*Problem description:* An acceptable answer repeats exactly the line containing "Blouse in wrinkled" and all lines that follow it in the listing below, and it includes no pictures.

*Data below:*
○ ○ ○ ○ ○
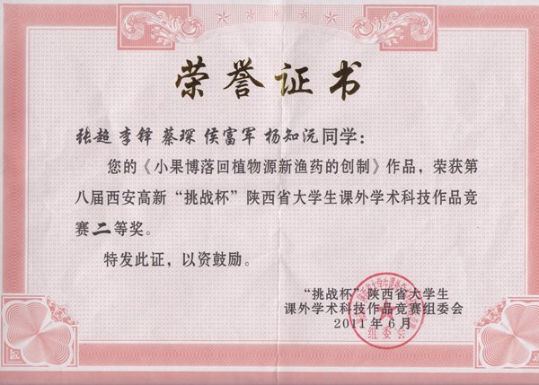 近日,由省教育厅、团省委、省学联、西安高新区管委会主办第八届西安高新“挑战杯”陕西省大学生课外学术科技作品竞赛评选结果揭晓,我院水产专业07级学生张超、侯富军、李铎、蔡琛和杨知沅创作的作品《小果博落回植物源新渔药的创制》荣获二等奖。
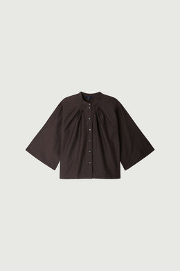 Blouse in wrinkled coffee poplin in organic cotton coffee
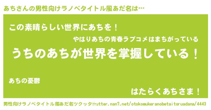 | ヒーロー風カッコイイあだ名 | 『仮面アチダー』『ウルトラあちマン』 |
○ ○ ○ ○ ○
*Task response:*
 Blouse in wrinkled coffee poplin in organic cotton coffee
 | ヒーロー風カッコイイあだ名 | 『仮面アチダー』『ウルトラあちマン』 |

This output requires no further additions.